= Work item =
Every line below from the one with "皮尔卡丹女装春季新款蓝色时尚圆领连衣裙知性女裙P01DL24N0" through the one with "- The Effectiveness" is to be repeated exactly, with no picture among them.

= Given records =
++++++++++
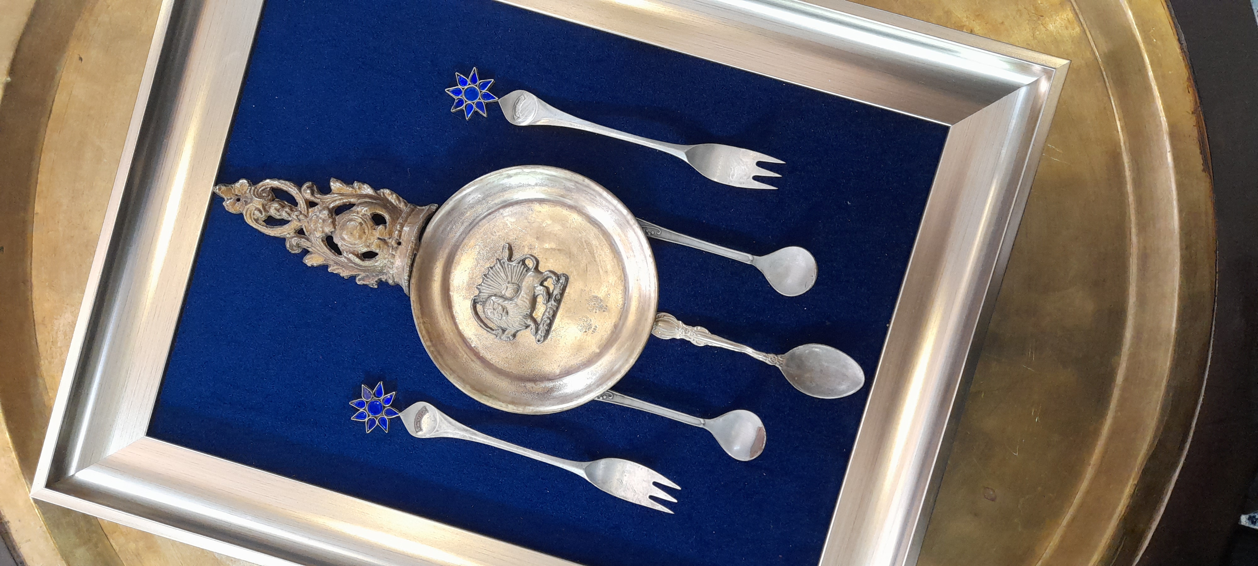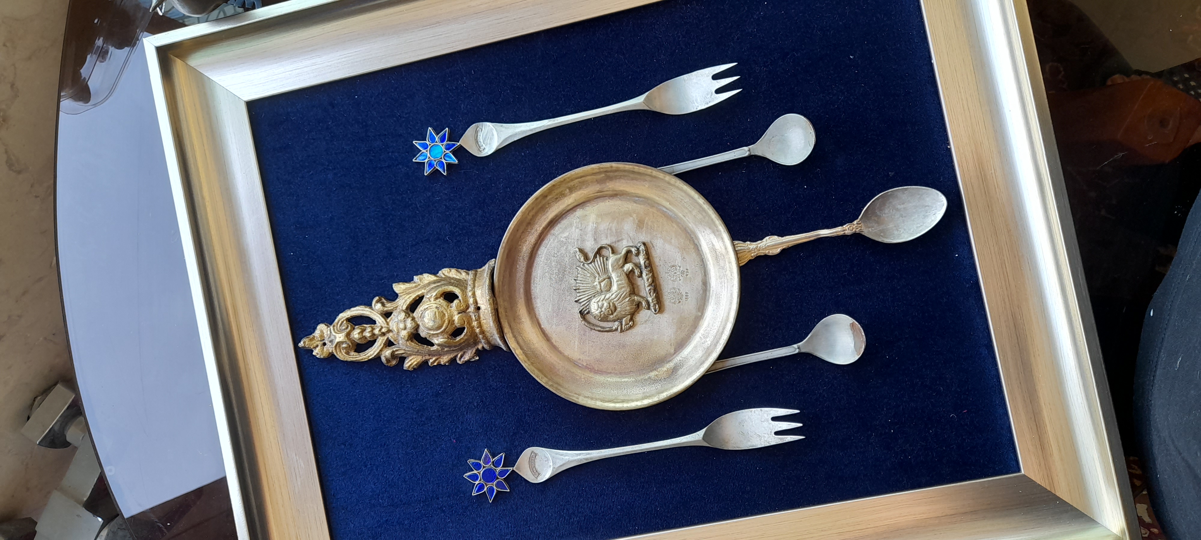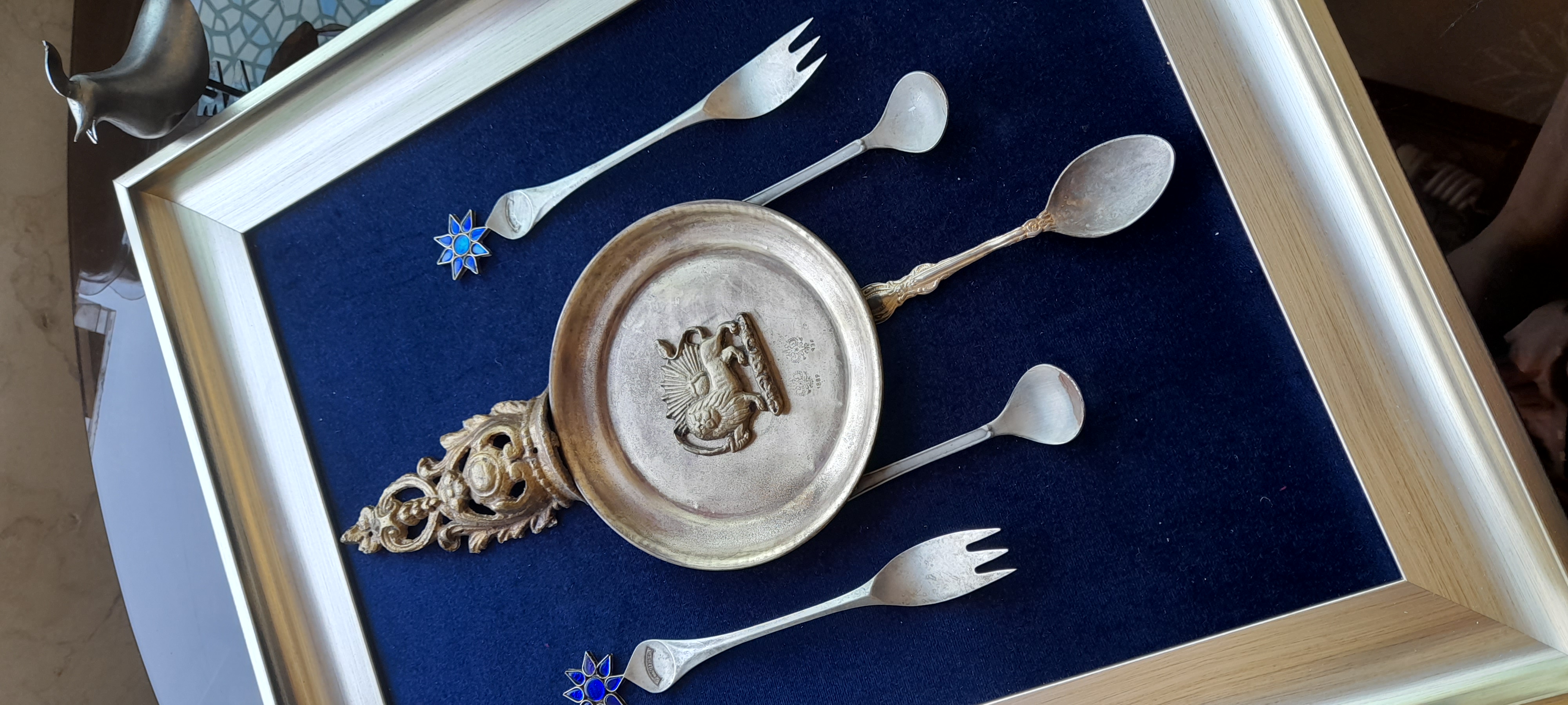 ظروف داخل تابلو با قدمت بالای ۵۰ سال هستن و جنس ظروف برنج مهردار و رنگ مخمل هم سورمه ای است
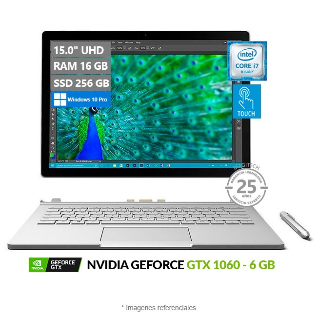 desmontable PixelSense de 15" (3240 x 2160) Ultra HD 4K aspecto (3:2), Capacidad táctil, compatible lápiz Surface. Se convierte en una super tablet de uso profesiona. |
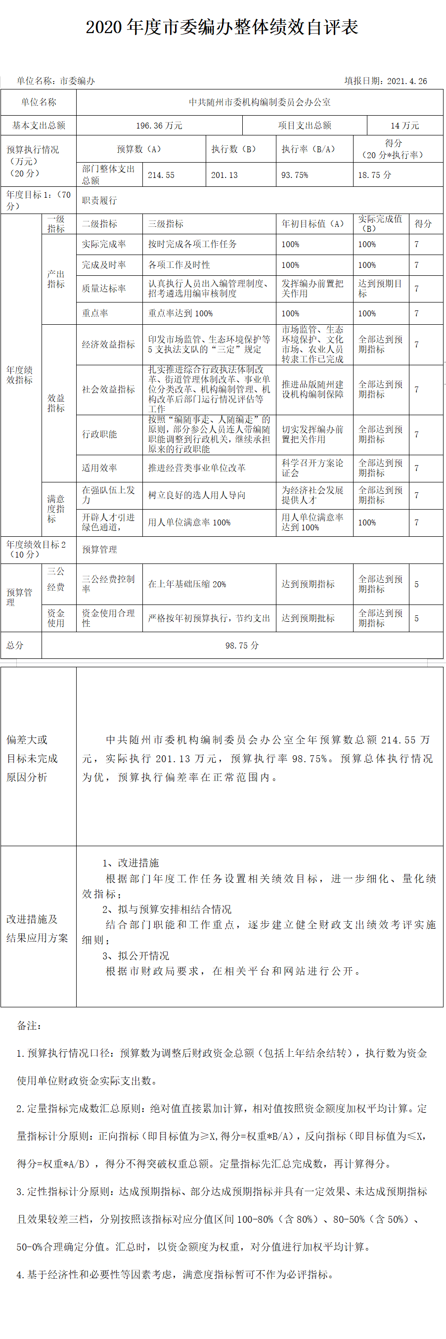 根據預算績效管理要求,我單位組織對2020年度市本級預算部門的整體支出進行績效自評,共涉及項目1個,資金14萬元,占一般公共預算項目支出總額的6.96%,從評價情況來看,中共隨州市委機構編制委員會辦公室總體情況良好,預算編制質量較好,預算信息公開符合要求;預算執行進度良好。
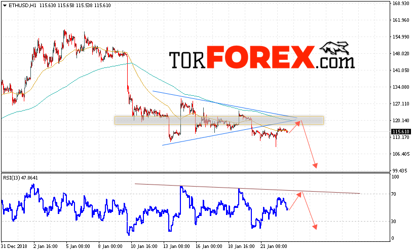 Дополнительным сигналом в пользу падения котировок ETH/USD выступит тест нисходящей линии тренда на индикаторе относительной силы. А также отскок от нижней границы модели «Треугольник». Отменой варианта падения криптовалюты станет сильный рост и пробой уровня 130. Это укажет на пробой сопротивления и продолжение падения котировок ETH/USD выше уровня 155. С пробоем области поддержки и закрытием котировок ниже уровня 105 стоит ожидать ускорения развития нисходящего движения по Ethereum.
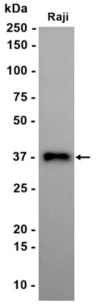Western blot analysis of extracts from Raji cells using db15860 at 1:1000.
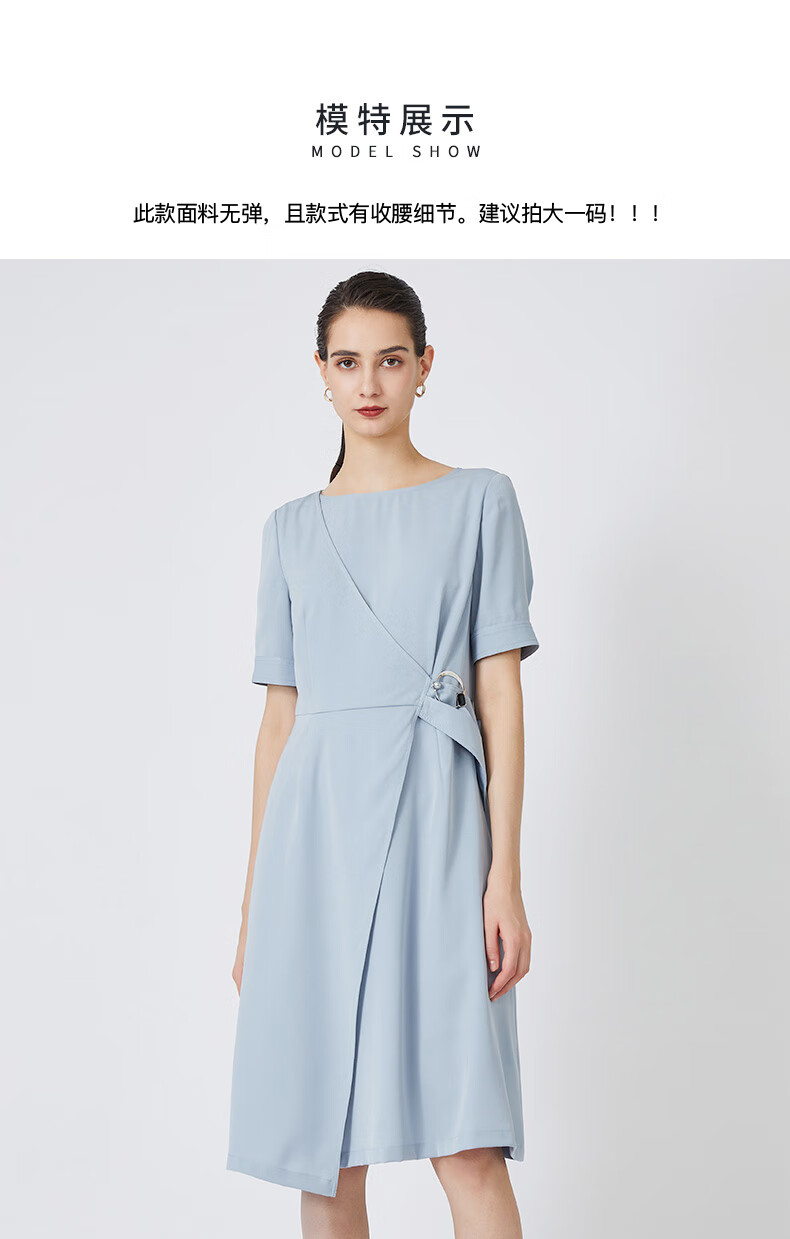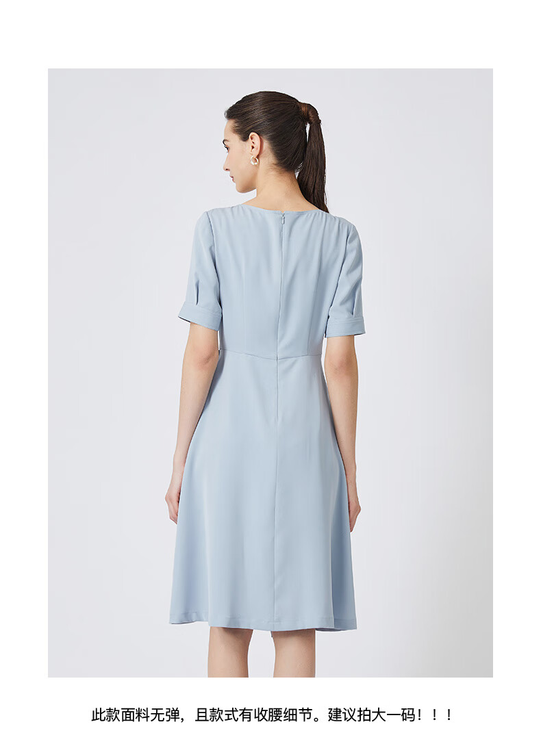 皮尔卡丹女装春季新款蓝色时尚圆领连衣裙知性女裙P01DL24N0
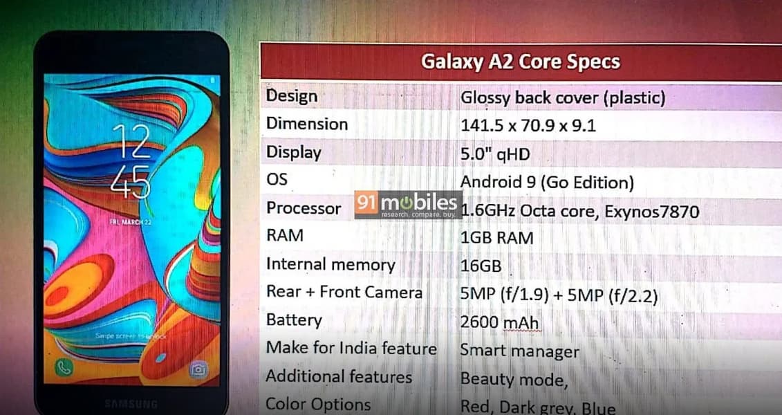О бюджетном смартфоне Samsung Galaxy A2 Core мы писали уже не раз. Мы видели его изображения и знакомились с его параметрами, теперь же пришёл черёд цены. Впрочем, и параметры источник немного скорректировал.
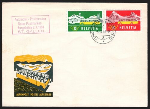 Schweiz, FDC,Freimarken, Nr.314-315, Alpenpost, unadressierter, illustrierter R-FDC, ET-Stempel AUTOMOBIL-POSTBUREAU
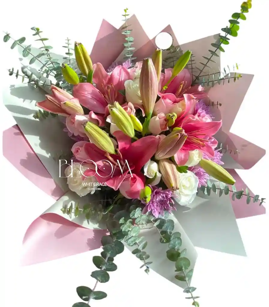 Hermoso bouquet de rosas rosadas y blancas con hermosos lirios de la mejor calidad, un detalle ideal para esa ocasión especial
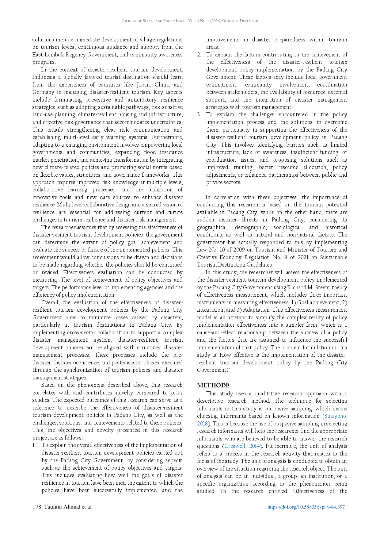 - The Effectiveness of Policy Implementation for the Development of Disaster-Resilient Tourism by the Padang... journal.pencerah.org/index.php/jspi/article/view/397The Effectiveness of Policy Implementation for the Development of Disaster Resilient Tourism by the Padang journal pencerah index php jspi article view 397
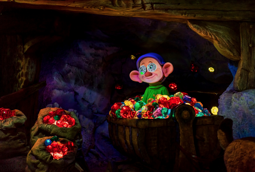 The dark-ride section takes us right into the mine of the seven dwarfs where hundreds of colored diamonds shine and glow. The audio animatronics of the seven dwarfs are remarkably smooth. The animation of the characters’ faces features internal video projection (like the Buzz Lightyear Astro Blasters queue animatronic) is excellent and mastered to perfection. Be careful, no picture or video you can find online do justice to this technique, you really have to see it live to witness the brilliant execution. This short dark-ride scene also includes a nice idea: the shadow of the seven dwarfs walk along us on the walls of the mine while the train goes up on the lift while dwarfs whistle their signature song ‘Hey-ho’. Riders can’t help but sing along wih them. A tlovely moment of immersion into the story. It should be noted how the original score from the Snow White movie fits perfectly as an attraction sondtrack: simple, catchy songs that will be stuck in your head for the rest of the day like It’s A Small World, except it doesn’t make you want to kill someone when you exit the Seven Dwarfs Mine Train.
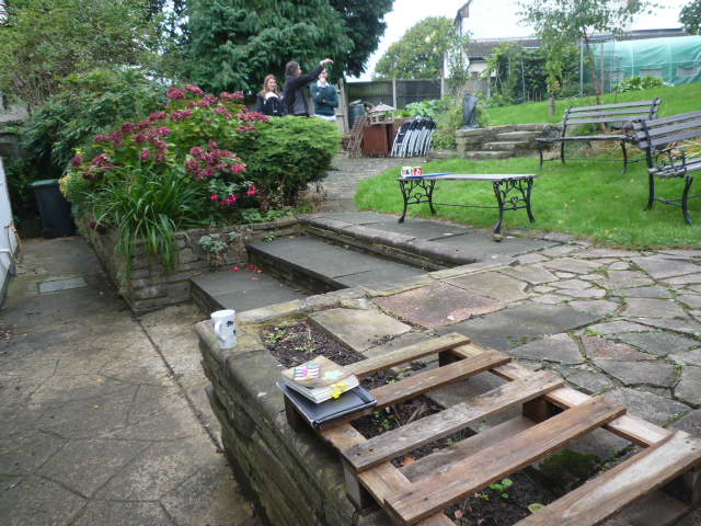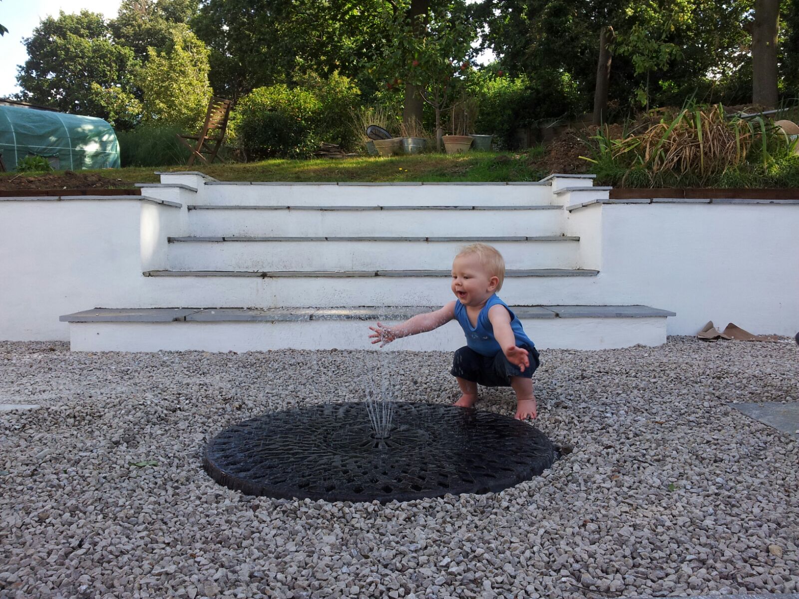 Steps lead onto a central gravelled area with a child-friendly water feature made from an old table top; the water fountain comes from the centre.
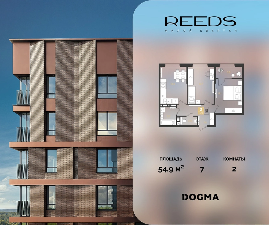 В продаже 2-комнатная квартира от застройщика DOGMA!ЖК REEDS, г. Краснодар, Литер 4
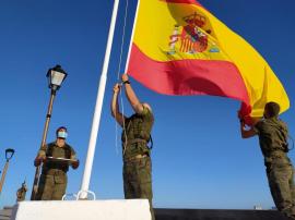 El sencillo acto, similar en todas las islas, ha consistido en la formación de un piquete de honores, el posterior arriado de la Bandera Nacional y la interpretación del tradicional “toque de oración”, en homenaje a los fallecidos. El toque de oración tiene su origen en la batalla de “Ceriñola”, en 1503, cuando el Gran Capitán al observar el campo de batalla cubierto de muertos franceses ordenó que a partir de ese día y a la puesta del sol se rindiera homenaje a los caídos. Desde entonces en todas las unidades militares se celebra diariamente el arriado de bandera y el toque de oración.
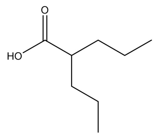 Valproic acid (Figure 1) and its salts are drugs with anticonvulsant activity used in the treatment of severe neurological diseases. They have also found application in the treatment of mania in bipolar disorder [1]. Valproic acid alleviates central nervous system (CNS) injuries and improves functional results after acute CNS damage by multiple pathways, including anti-inflammatory, anti-apoptotic, and neurotrophic effects [2]. Recent reports indicate that valproic acid can be used in the treatment of breast cancer [3] and in chronic lymphocytic leukemia [4].
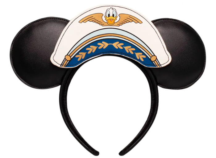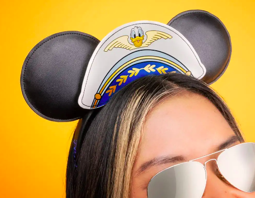 These ears (designed by Loungefly) are made out of faux leather and have a pilot’s hat in the middle that features Donald himself!
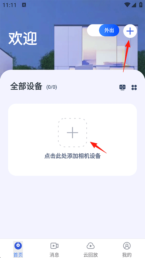 1、打开小蚁智能APP,在首页点击添加相机设备;
++++++++++
= Finished exercise =
 皮尔卡丹女装春季新款蓝色时尚圆领连衣裙知性女裙P01DL24N0
О бюджетном смартфоне Samsung Galaxy A2 Core мы писали уже не раз. Мы видели его изображения и знакомились с его параметрами, теперь же пришёл черёд цены. Впрочем, и параметры источник немного скорректировал.
 Schweiz, FDC,Freimarken, Nr.314-315, Alpenpost, unadressierter, illustrierter R-FDC, ET-Stempel AUTOMOBIL-POSTBUREAU
 Hermoso bouquet de rosas rosadas y blancas con hermosos lirios de la mejor calidad, un detalle ideal para esa ocasión especial
 - The Effectiveness of Policy Implementation for the Development of Disaster-Resilient Tourism by the Padang... journal.pencerah.org/index.php/jspi/article/view/397The Effectiveness of Policy Implementation for the Development of Disaster Resilient Tourism by the Padang journal pencerah index php jspi article view 397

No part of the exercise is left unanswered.